▶ **Requirement**
Print the lines below word for word, beginning with the first and ending with the line that holds "大きなクリスマスケーキを切り分ける貞代(クリスマス会)", and skip every picture.

- - - - - - -

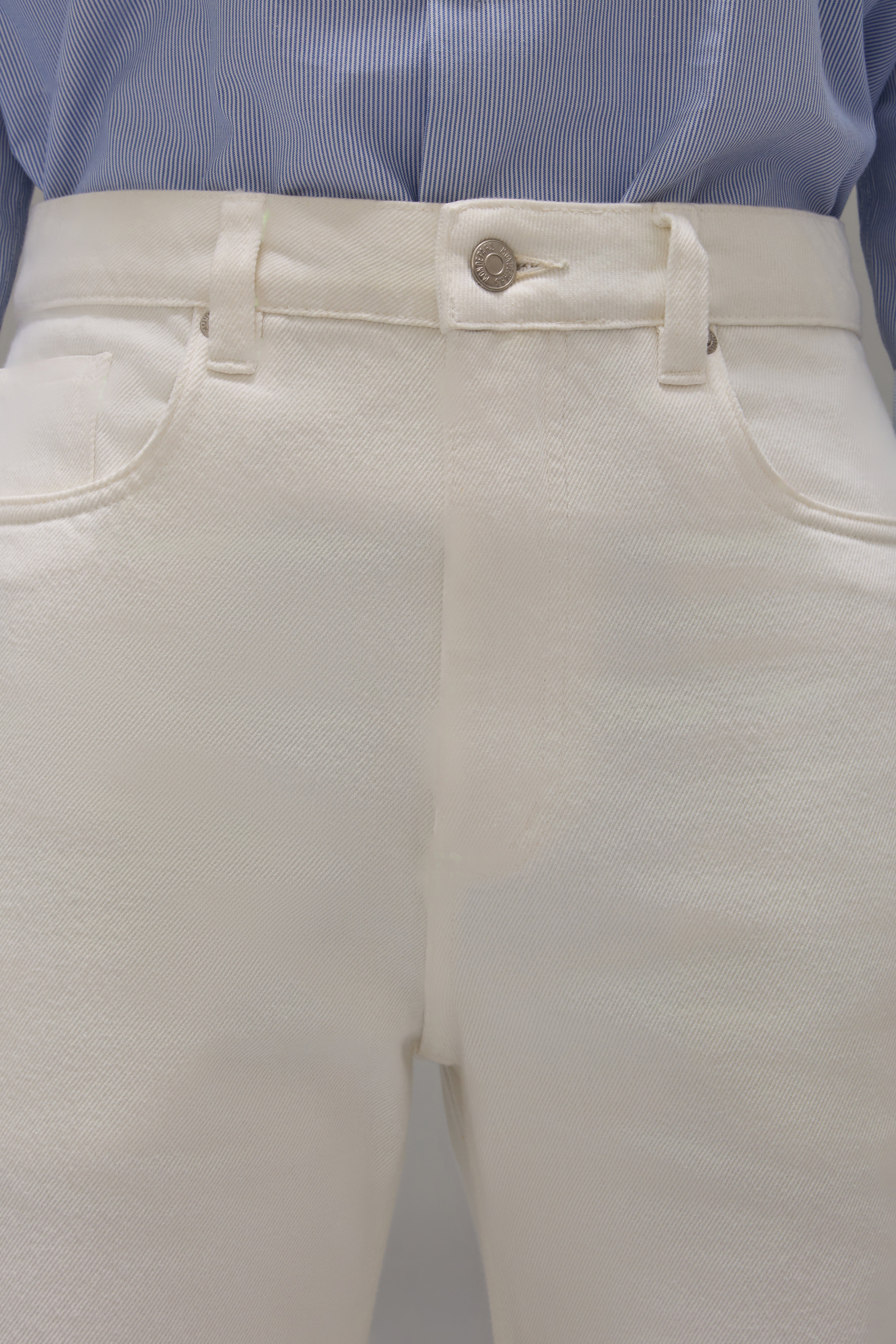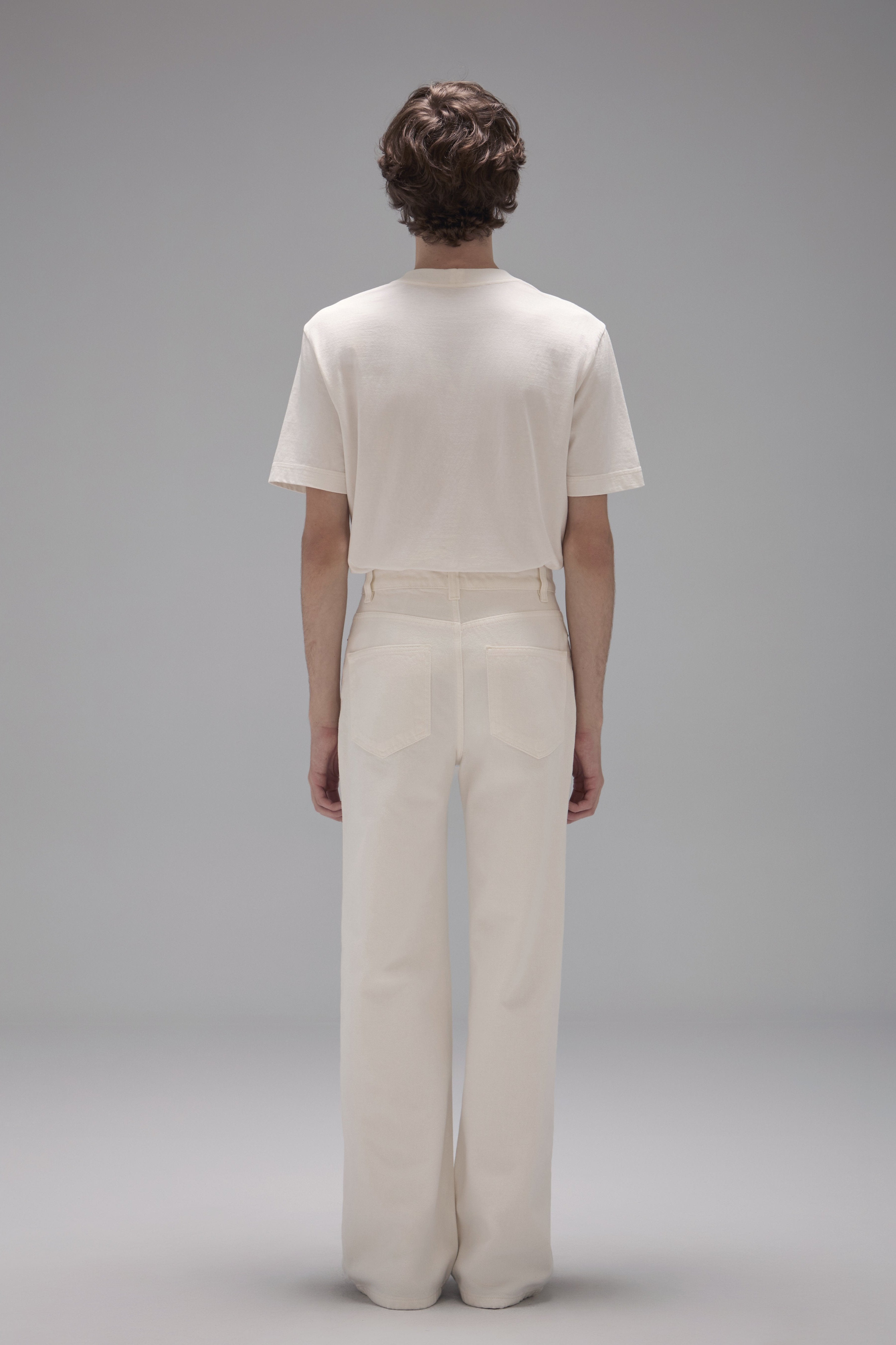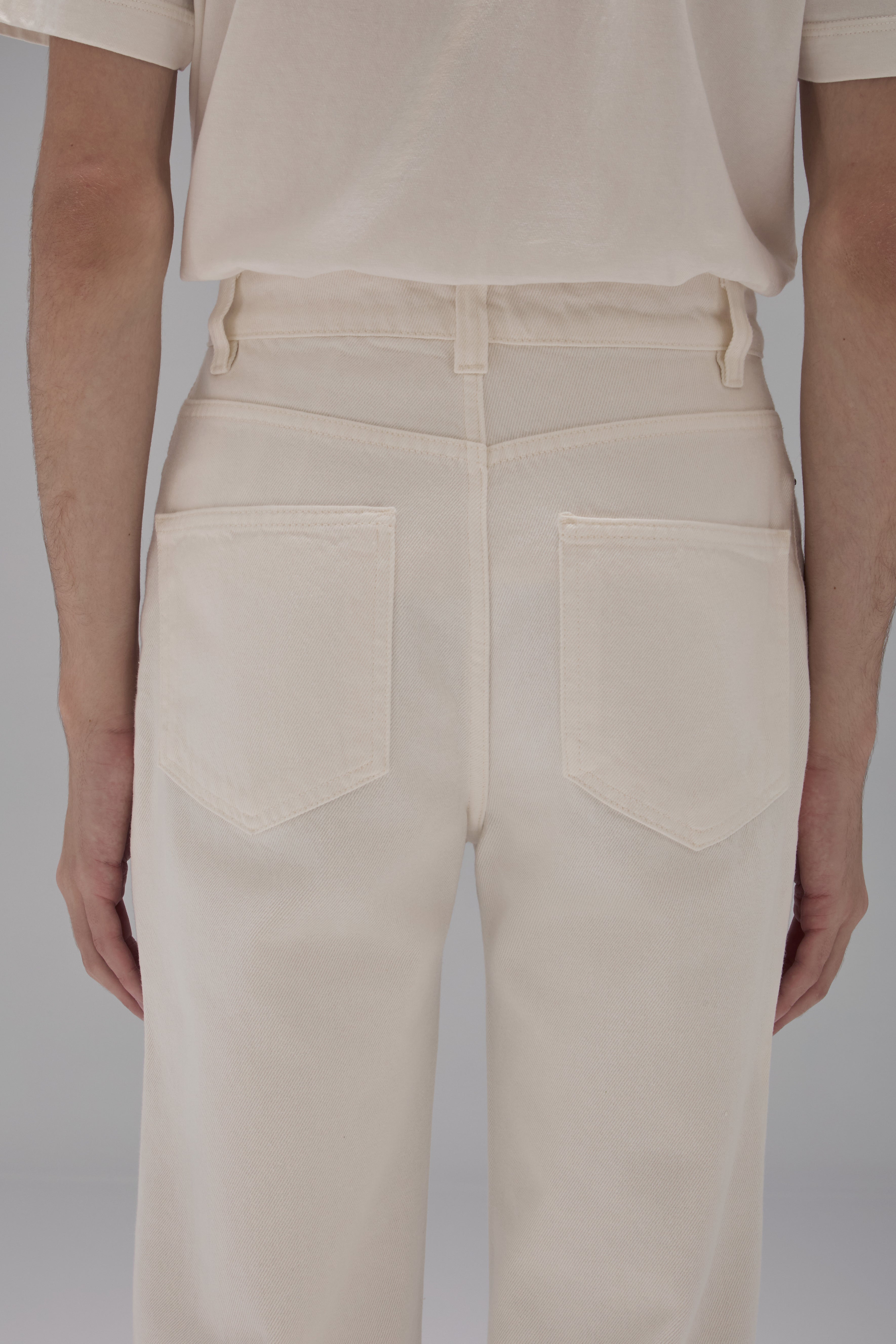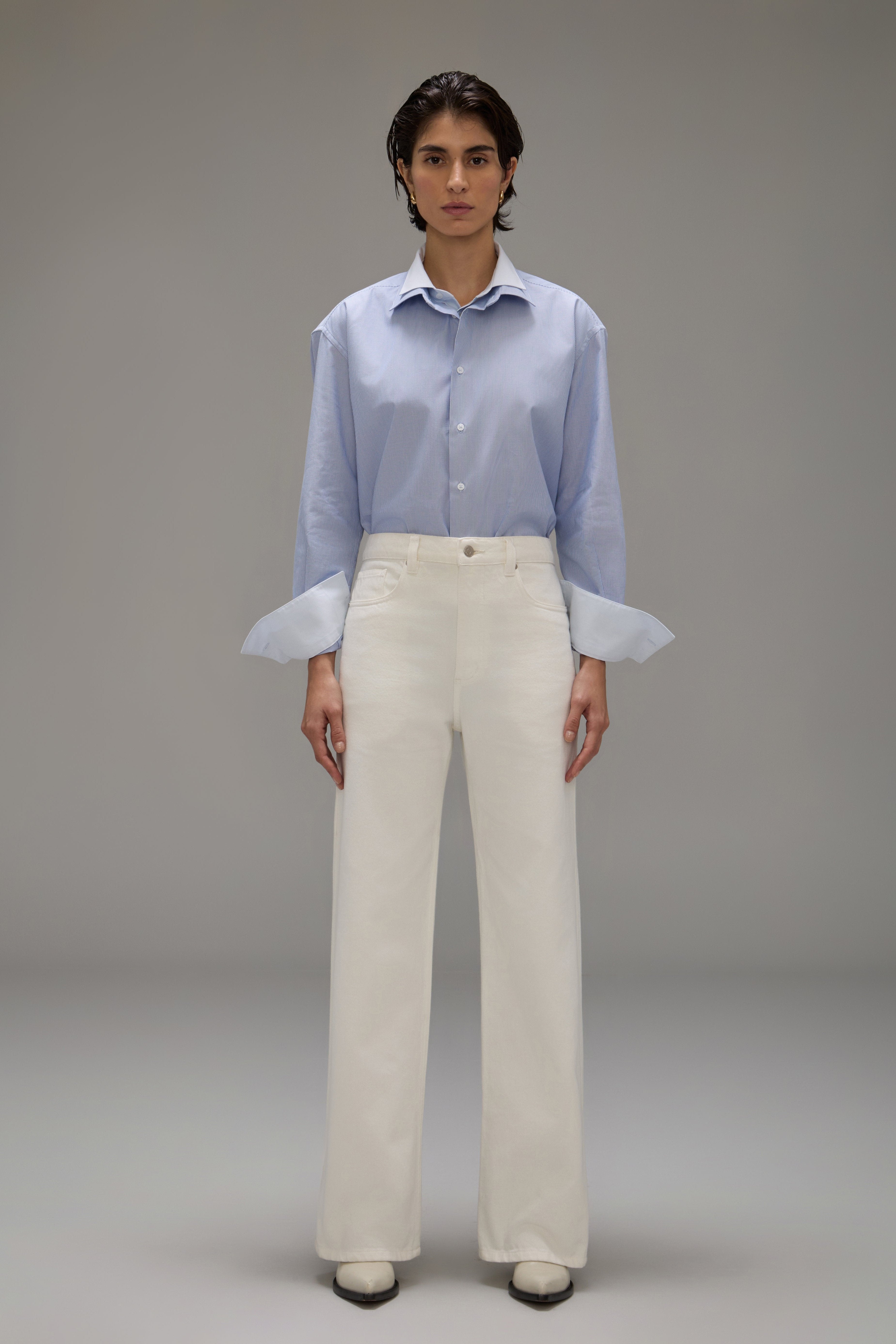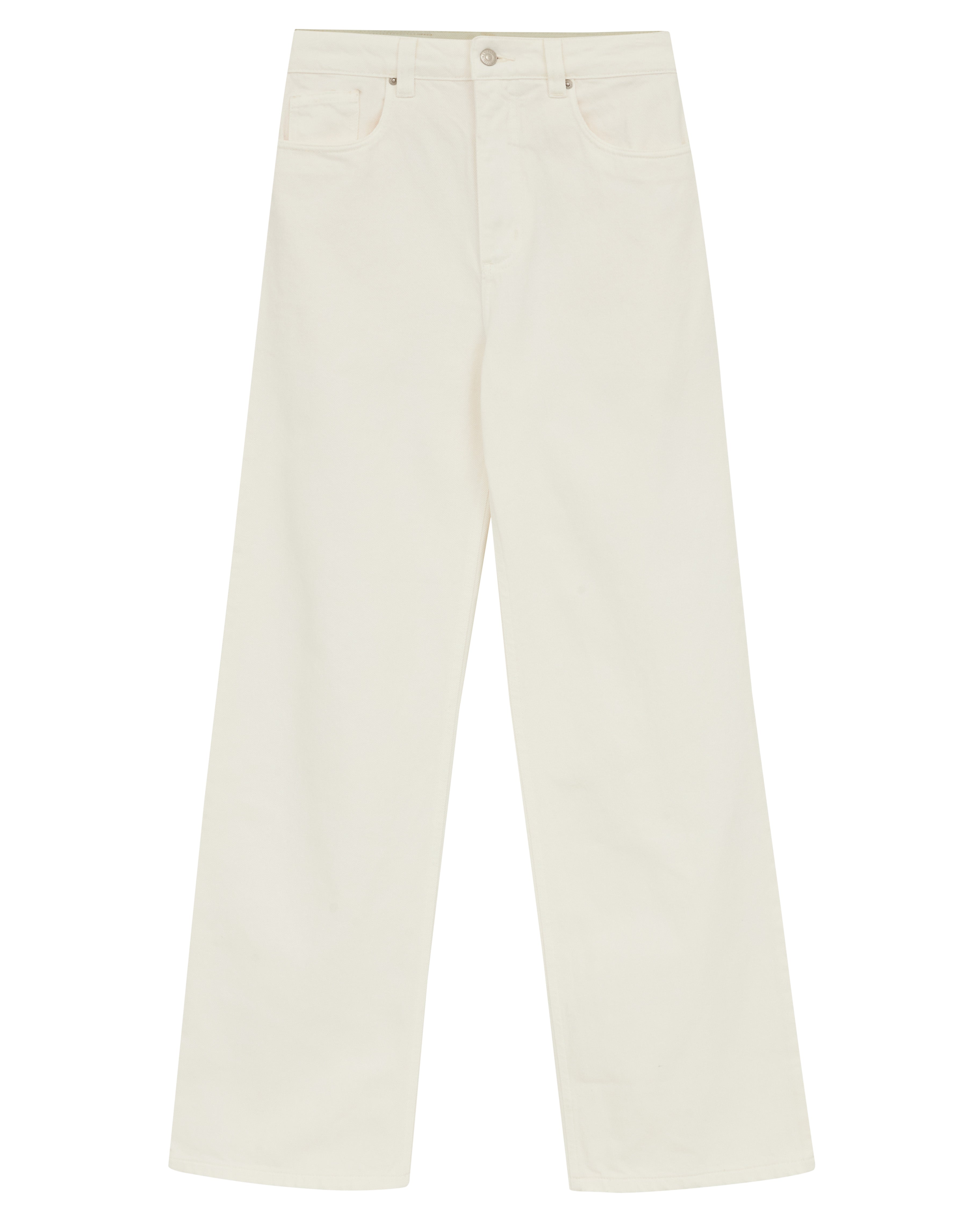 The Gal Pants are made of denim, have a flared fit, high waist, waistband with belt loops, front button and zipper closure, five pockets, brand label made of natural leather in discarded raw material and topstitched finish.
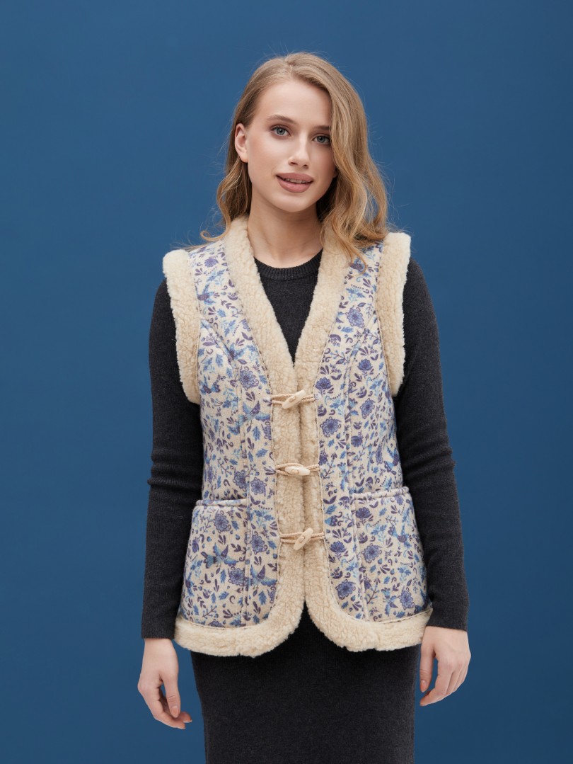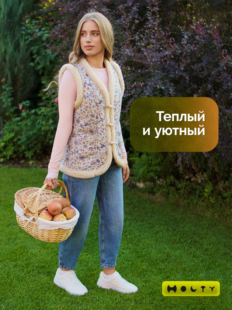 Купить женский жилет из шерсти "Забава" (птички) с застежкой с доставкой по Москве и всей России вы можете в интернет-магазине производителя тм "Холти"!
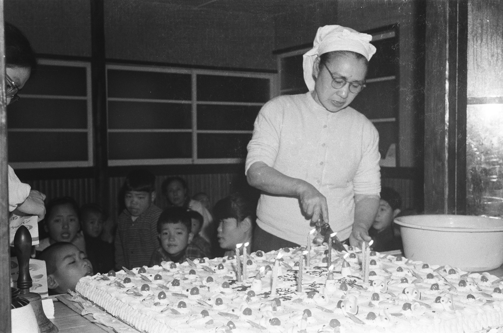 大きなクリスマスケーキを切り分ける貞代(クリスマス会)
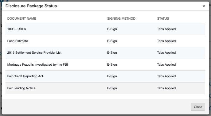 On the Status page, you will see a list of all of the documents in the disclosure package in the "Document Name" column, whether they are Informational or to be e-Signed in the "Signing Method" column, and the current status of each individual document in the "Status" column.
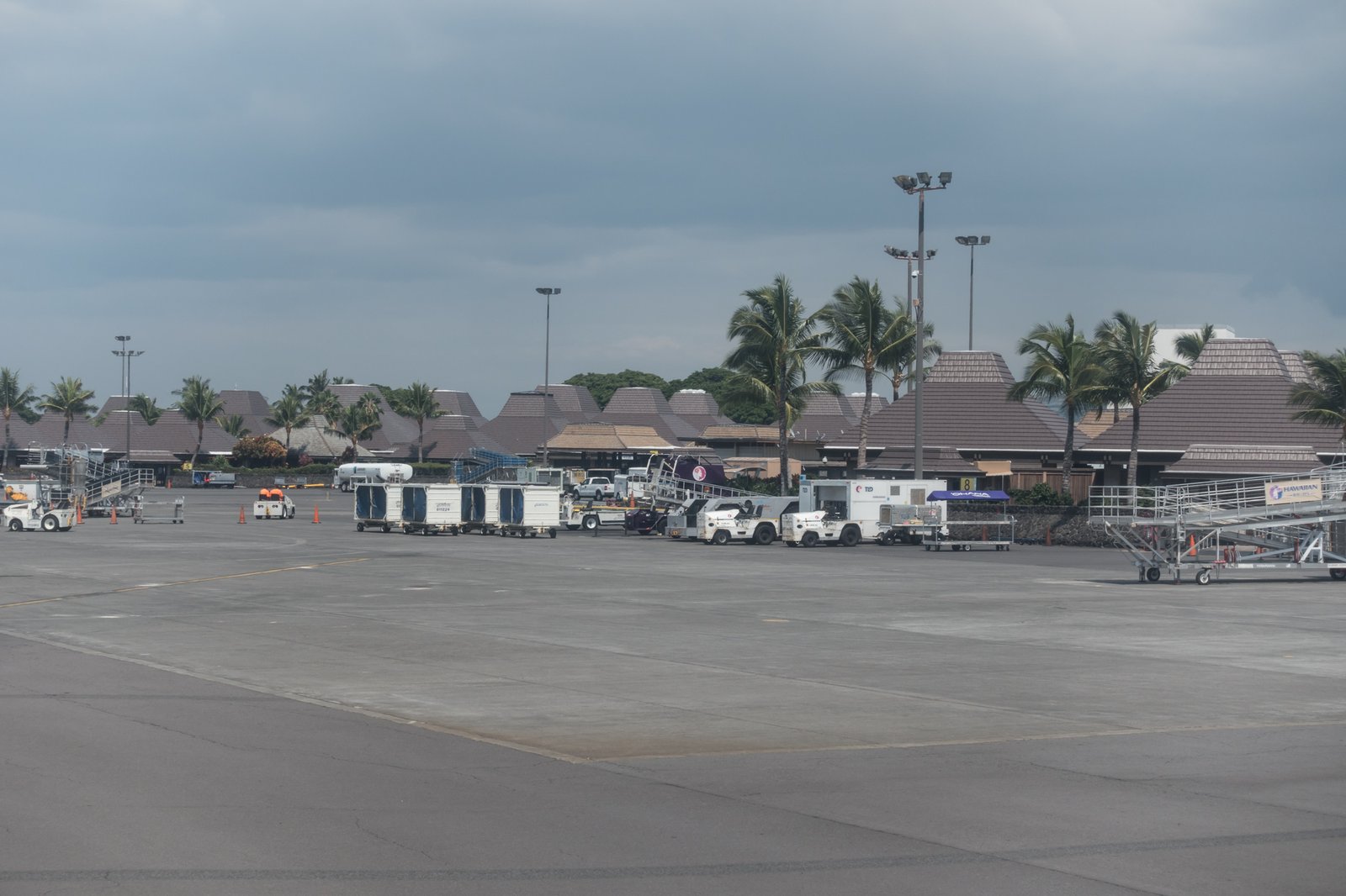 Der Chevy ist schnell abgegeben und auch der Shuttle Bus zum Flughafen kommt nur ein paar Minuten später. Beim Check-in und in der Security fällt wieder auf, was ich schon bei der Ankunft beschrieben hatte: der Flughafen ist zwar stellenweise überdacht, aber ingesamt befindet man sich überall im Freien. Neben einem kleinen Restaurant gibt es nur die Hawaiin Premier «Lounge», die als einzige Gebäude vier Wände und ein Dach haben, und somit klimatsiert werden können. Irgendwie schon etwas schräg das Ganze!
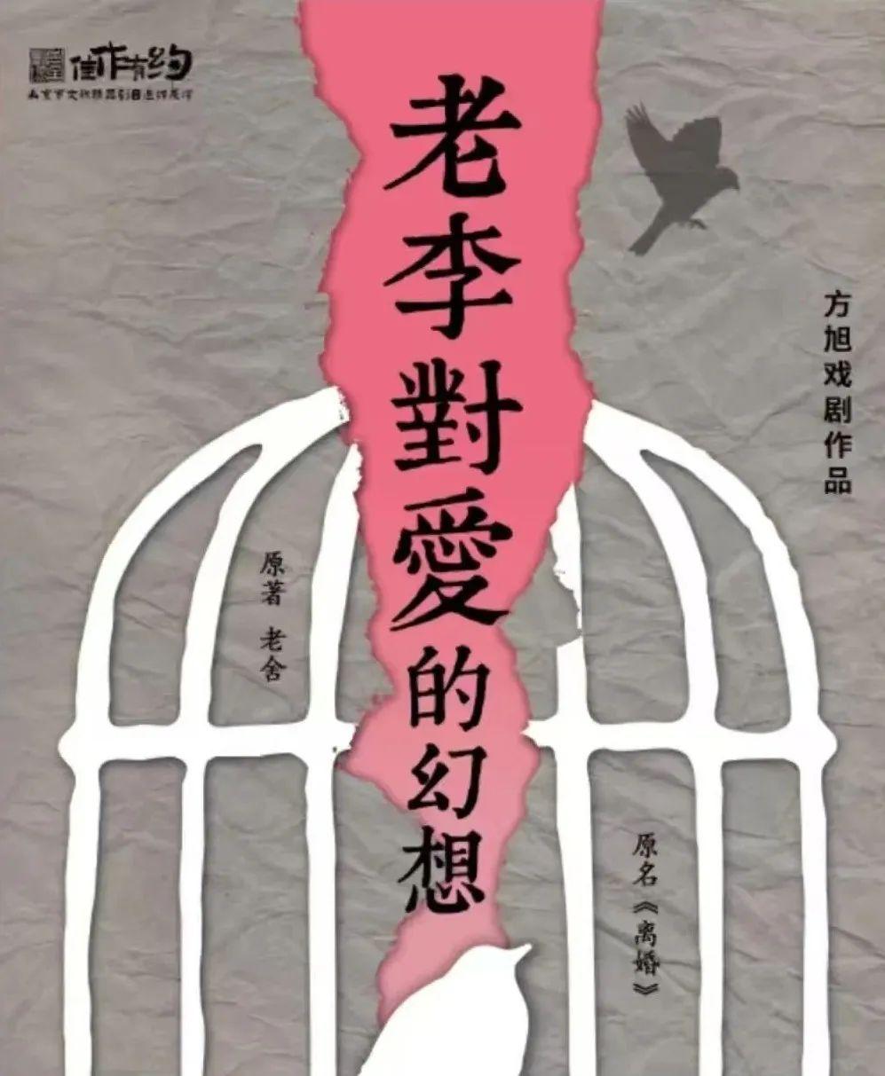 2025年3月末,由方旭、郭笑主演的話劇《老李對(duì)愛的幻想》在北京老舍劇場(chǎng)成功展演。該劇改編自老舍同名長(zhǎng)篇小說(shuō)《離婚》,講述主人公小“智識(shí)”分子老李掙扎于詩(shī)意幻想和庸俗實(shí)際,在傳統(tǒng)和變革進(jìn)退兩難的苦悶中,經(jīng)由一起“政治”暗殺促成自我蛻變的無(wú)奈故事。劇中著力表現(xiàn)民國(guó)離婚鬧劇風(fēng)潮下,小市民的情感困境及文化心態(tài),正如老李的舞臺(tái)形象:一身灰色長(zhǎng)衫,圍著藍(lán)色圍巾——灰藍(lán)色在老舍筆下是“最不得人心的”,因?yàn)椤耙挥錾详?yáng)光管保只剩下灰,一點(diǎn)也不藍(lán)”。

- - - - - - -

▶ **Finished exercise**
 The Gal Pants are made of denim, have a flared fit, high waist, waistband with belt loops, front button and zipper closure, five pockets, brand label made of natural leather in discarded raw material and topstitched finish.
 Купить женский жилет из шерсти "Забава" (птички) с застежкой с доставкой по Москве и всей России вы можете в интернет-магазине производителя тм "Холти"!
 大きなクリスマスケーキを切り分ける貞代(クリスマス会)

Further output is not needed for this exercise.